St. Jude Children's Research Hospital logo

St. Jude Children's Research Hospital

Status

Completed

Conditions

Acute Lymphoblastic Leukemia

Study type

Observational

Funder types

Other
NIH

Identifiers

NCT01047020
MTRPAL
R01CA132901 (U.S. NIH Grant/Contract)

Details and patient eligibility

About

The primary goal of this study is to provide comprehensive and objective information on impairments of musculoskeletal health, sensory function, and fitness among a large group of childhood ALL survivors, and to define high risk groups by assessing treatment factors that contribute to impaired function. This study includes a direct, objective evaluation of musculoskeletal function, sensory capacity, fitness, and physical activity patterns among adults who were treated for childhood ALL at St. Jude Children's Research Hospital (SJCRH) between 1980 and 1999. Among 899 ALL survivors, all of whom are eligible for an institutionally funded clinical study of medical late effects, the study will recruit 364 to participate in our evaluations. The study will also recruit 364 individuals for a comparison group, frequency matching on race/ethnicity, age and gender.

Full description

The study will focus on the following primary objectives:

  1. Enumerate the prevalence of musculoskeletal, sensory, and fitness impairments among adult survivors of childhood ALL. The study hypothesizes that adult survivors of childhood ALL will have a higher prevalence of musculoskeletal, sensory and fitness impairments than a control group frequency matched on race/ethnicity, age, and gender.

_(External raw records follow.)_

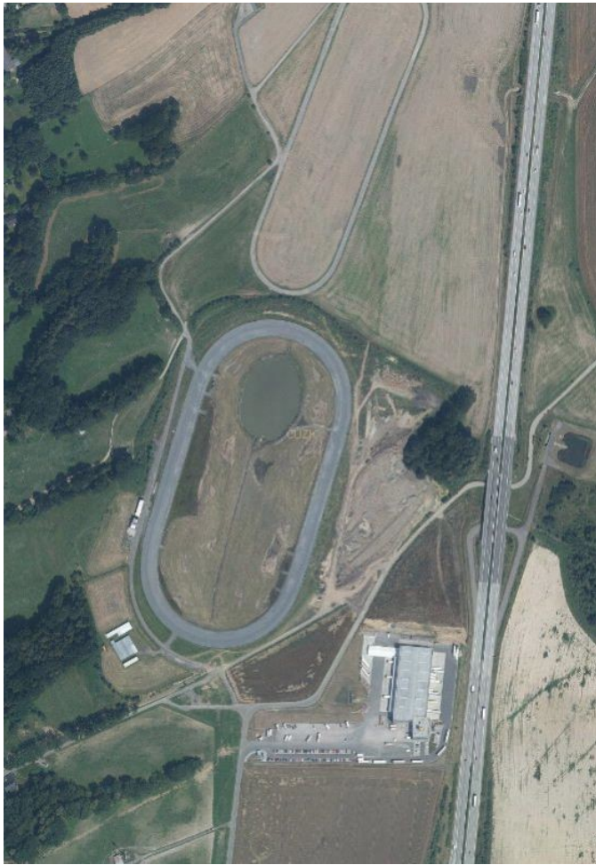
Příloha č.2 - celkový pohled na areál tělovýchovy a sportu v ploše Z13 s hipodromem, nahoře tréninkový ovál, dole plocha Z24 pro výrobu (Geis)
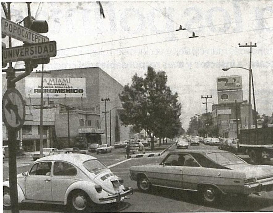
Popocatepetl en 1978 antes de ser Eje Vial. Se refiere al guerrero de la leyenda de los enamorados Iztaccíhuatl y Popocatepetl, como conocemos a la montaña y al volcán.
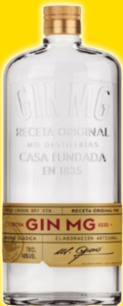
Ginebra MG original, 70 cl.
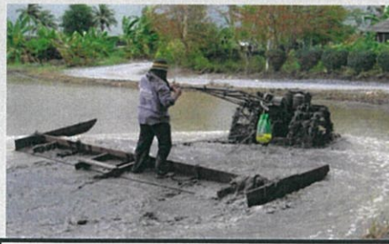
มัดปุ๋ยแขวนไปกับบรกลไค
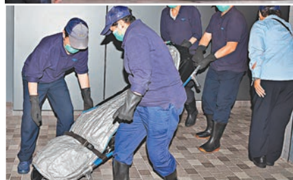
■被巴士撞死老翁遺體被移離醫院。

香港文匯報訊(記者 杜法祖)馬鞍山烏溪沙巴士總站發生致命車禍。一輛雙層九巴在站內讓路位，突將一名橫過馬路的八旬老翁撞倒頭部重創昏迷，送院搶救無效證實死亡。警方事後拘捕涉嫌危險駕駛的男車長扣查，目前正循司機駕駛態度及車速等方面調查原因。有區議員指，該巴士站設計存在三大問題，包括巴士車速過快及未有足夠的安全設施等，望當局正視。
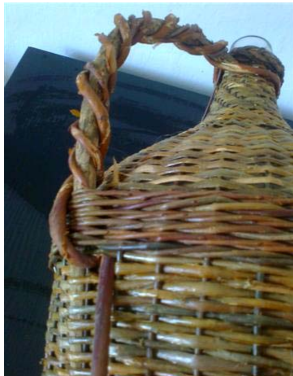
Obr. 13 Zastoknutý omotkový prút popod opasok a výplet zalomte a kvalitne zhúžvite, pred omotávaním kostry prút otáčaním napnite tak, aby sa pozdĺžne puklinky spojili. Pod hrdlom je koniec kostrového prúta, ktorý bol zrezaný na lubok pritlačený ku kostre a už omotaný húžvou.

Omotkové prúty zasúvam zospodu pod opasok a až pod výplet. Zalomením nahor je prút založený viac a významne zvyšuje nosnosť ucha. Pri zasúvaní zvrchu držala ľarchu demižóna len slučka prechádzajúca v medzere opasku.
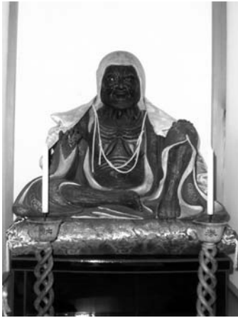
写真1：誓願寺の小町像

○老婆 慈覚ノ作ト云縁起ニ曰誓願寺開山文国上人太 和巡リノ際靈夢ニ仍テ小松寺ニ安置シアルニ乞ヒ求メ秋 田ニ下リタリ土崎湊幻見庵ニ其嫗像ノ写シ左ノ如シ。名 勝誌曰 該寺ハ慶長十年八月佐竹義宣ノ建立スル処ニシ テ僧文閻ヲ以テ開山トシ、浄土宗ニシテ、春日運慶作ノ
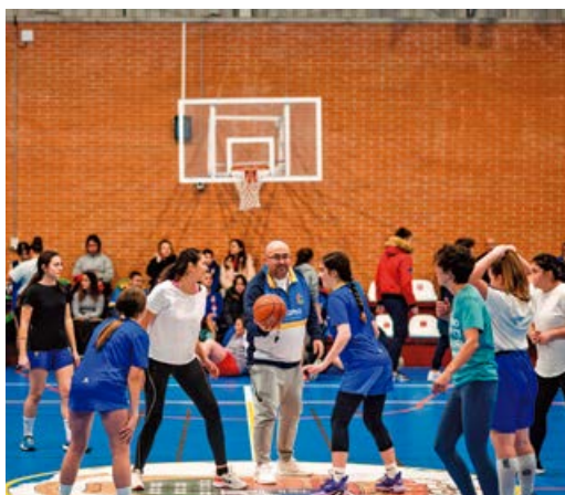
Las jugadoras recordaron viejos tiempos

“Lo que una cancha de baloncesto y un balón unió, nunca se olvidará. Eso queda para siempre”.
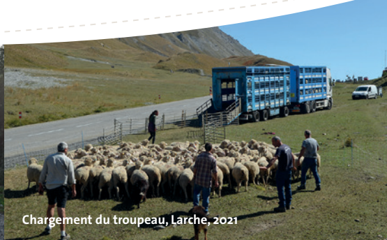
Chargement du troupeau, Larche, 2021
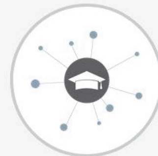
Search for equivalent opportunities
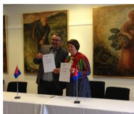
GOVVA: GÁIVUONA SUOHKAN

Sámediggi juolluda jahkásaččat doarjagiid suohkaniidda vai buoremus lági mielde sáhttet čađahit sámelága giellanjuolggadusaid. Ulbmil guovttegielatvuođadoarjagiin lea suodjalit, nannet, ovddidit ja ovdánahttit sámegiela almmolaš oktavuodain.
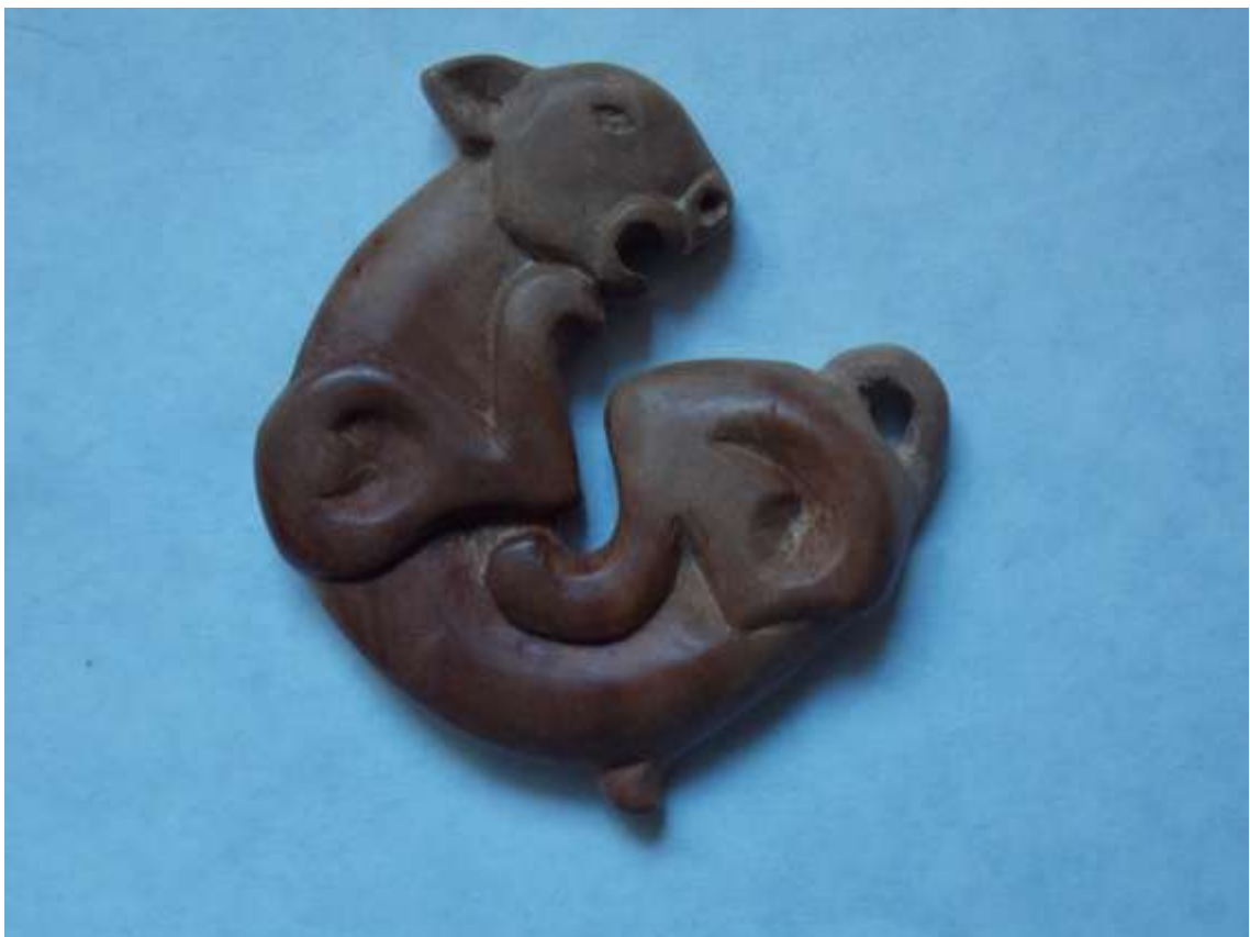
Фурнітура до замкової щілини. Дерево (груша).
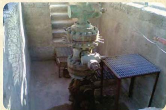
شکل ۱- نمای یکی از سلرهای چاه‌های گازی ایران

چاهی به چاه دیگر (در یک میدان واحد یا دو میدان مجزا) و برپایی آن نقش بسیار مهمی دارند که تأخیر در هر یک می‌تواند فرایند جابجایی دکل‌ها را با مشکل و اتلاف وقت و در نتیجه افزایش هزینه روبه‌رو سازد. در همین راستا به منظور بررسی عملیات جابجایی در ایران زمان جابجایی و انتظارات ناشی از عملیات جابجایی حدود ۵۸ دکل حفاری در قسمت خشکی و دریایی مورد بررسی و تجزیه و تحلیل قرار گرفت. (شکل-۲) که نهایتاً در مجموع مدت زمانی که به این عملیات اختصاص یافته بود بیش از ۴ دکل سال برآورد گردید که به طور میانگین جابه‌جایی‌های صورت گرفته به ازای هر دکل بیش از ۷۰۰ ساعت محاسبه شد. همچنین میزان انتظارات جابجایی این تعداد دکل در حدود ۱۵ درصد دکل سال بوده که سهم آن در مقایسه با کل انتظارات حفاری و جابجایی در حدود ۱۰ درصد می‌باشد.
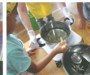
みそ汁のだしとり
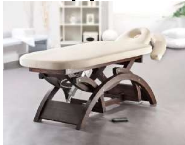
Gestell: Esche gebeizt

Diese stationäre Massageliege ist ein Blickfang in jeder Praxis, jedem Massagestudio und in jedem Wellnesshotel. Ob in Esche natur oder Esche gebeizt – genießen Sie mit Lady Mary höchsten Komfort.
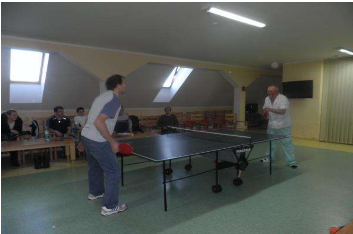
STOLNOTENISOVÝ TURNAJ 2013

  2. Evaluate the association between personal and treatment factors and musculoskeletal, sensory and fitness impairments. The study hypothesizes that:

    • Female gender, younger age at diagnosis, and cranial radiation will be associated with decreased lean body mass.
    • Female gender, younger age at diagnosis, and type of glucocorticoid (dexamethasone vs. prednisone) treatment will be associated with muscle weakness.
    • Sensory loss will vary as a function of age, with participants diagnosed at 12+ years of age demonstrating vincristine related sensory loss, and those diagnosed at <12 years of age demonstrating dexamethasone and/or intrathecal methotrexate related sensory loss.
    • Fitness impairments will be evident in participants who received 100 mg/m2+ of anthracyclines.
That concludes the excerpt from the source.